The opinion will thus likely block current and future orientated research and will have considerable implications for the use of data in developing and training AI. It is unlikely that at the time of consent, biobanks will have anticipated that its data will be used specifically for training and developing AI. Thus, any projects seeking to use data from Italian biobanks for this purpose must either have budget and resources for recontact and reconsent or the data cannot be used. If the data cannot be used, then any resulting tool cannot be used on populations in Italy.
European Health Data Space
National efforts, of which one of our authors (DM) is involved, are ongoing to develop a national workable solution to the current situation. Until such solutions are found and implemented, Italian biobanks must grapple with the implications of the Garante’s opinion. The restrictiveness of this opinion is even more stark when one considers that it came just 1 month after the introduction of the proposed regulation for EHDS. Introduced in May 2022, the EHDS is proposing to create a legal obligation to share electronic health data, if certain conditions are met. Under the draft proposal, electronic health data is broadly defined and includes electronic health records, genetic data, and population-based health data. Unlike the GDPR which only applies to personal data, the legal framework of the draft EHDS also applies to anonymous data.
Under the draft EHDS, a data user (defined as any natural or legal person), can apply for access to the electronic health data from a data holder (defined as any natural or legal person, which is an entity or a body in the health or care sector or performing research in relation to these sectors). This electronic health data may be personal data (and come within the GDPR) or anonymous data (and thus outside of the GDPR). Access can be provided for if the use falls under one of the eight specified purposes, as described in Recital 1 ‘that would benefit the society such as research, innovation, policy-making, patient safety, personalised medicine, official statistics or regulatory activities’. The draft EHDS is also proposing a change to how decisions related to access are made. Under the GDPR, this would have been made by the data controller, but under the EHDS, it will be made by a new independent body to be established in each member state, called a Health Data Access Body (HDAB).
To request access from the HDAB, an applicant is required to provide a detailed explanation of the purpose of the data use; description of the requested data; if anonymous data cannot be made available must justify the need for pseudonymised data; (undefined) safeguards to prevent unauthorized use and the rights and interests of the data holder and natural persons; estimated time period data is required; and details on a secure processing environment. If the application includes a request for personal data, it must provide detail on how the processing complies with the GDPR. Article 44 of the draft EHDS makes the importance of data minimization and purpose limitation in the HDAB’s assessment clear. Finally, an applicant should also provide information on any applicable ethical aspects. Although undefined, one would assume this relates to national ethical requirements if the processing of the data is for research.
The draft EHDS not only makes the intention to make data available clear, but also that it should be done within certain time frames. The HDAB must make an assessment within 2 months of receiving an application, a time-limit that can be extended by 2 months for complex applications. Once an application has been approved, a data permit is issued specifying the terms and conditions of the data use. The data holder must then make the data available to the data user within 2 months through a secure processing environment (for a legal analysis of the draft EHDS, see Slokenberga 2022).

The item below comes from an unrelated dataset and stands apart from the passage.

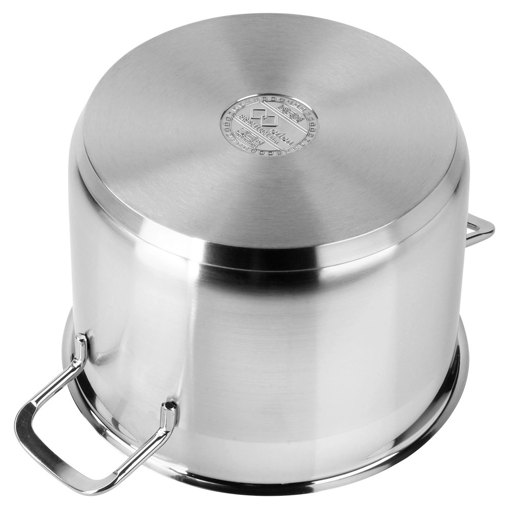 Casserole premium en acier inoxydable avec couvercle, idéale pour la cuisson quotidienne et le mijotage. En acier de qualité 18/10, dotée d’un fond akutermique multicouche pour une répartition rapide et uniforme de la chaleur, compatible avec tous les types de plaques, y compris l’induction. Elle possède des parois épaisses, des poignées confortables et peut être lavée au lave-vaisselle.

Thus, the time frame from receipt of application to receiving the data could be as little as 4 months.
Caught in the Middle: Italian Biobanks and the Draft EHDS
If the draft EHDS is passed, it would mean that anyone could apply for access to a HDAB for access to data held by biobanks in Italy to develop and train AI. This would address some of the concerns that we have raised on the current Italian regulatory framework, notably that data can be accessed, AI can be trained on Italian data, and resulting AI tools can be used by the Italian population. However, closer inspection reveals that rather than streamlining access, the EHDS could leave Italian biobanks in a tug of war between national regulations and the proposed new European structure, particularly as it relates to the role of consent in decisions on the use of samples and data.
The draft EHDS creates a legal obligation to share research if the conditions outlined are met and this decision will be made by the HDAB, but what of the conditions of consent that a participant may have provided? Can data be accessed for purposes that a participant has not consented to as required by Italian law if the proposed EHDS becomes a law? Article 33(5) of the EHDS states that if consent is required by national law, ‘health data access bodies shall rely on the obligations laid down in this Chapter to provide access to electronic health data’. This in effect means that despite consent being the lawful basis for the processing of personal data in Italy, the draft EHDS is stating that for the secondary use of electronic health data, applicants need to concern themselves only with the requirements of the EHDS and not the conditions of consent. In other words, under the proposed EHDS, samples and data can be used for purposes beyond the consent provided.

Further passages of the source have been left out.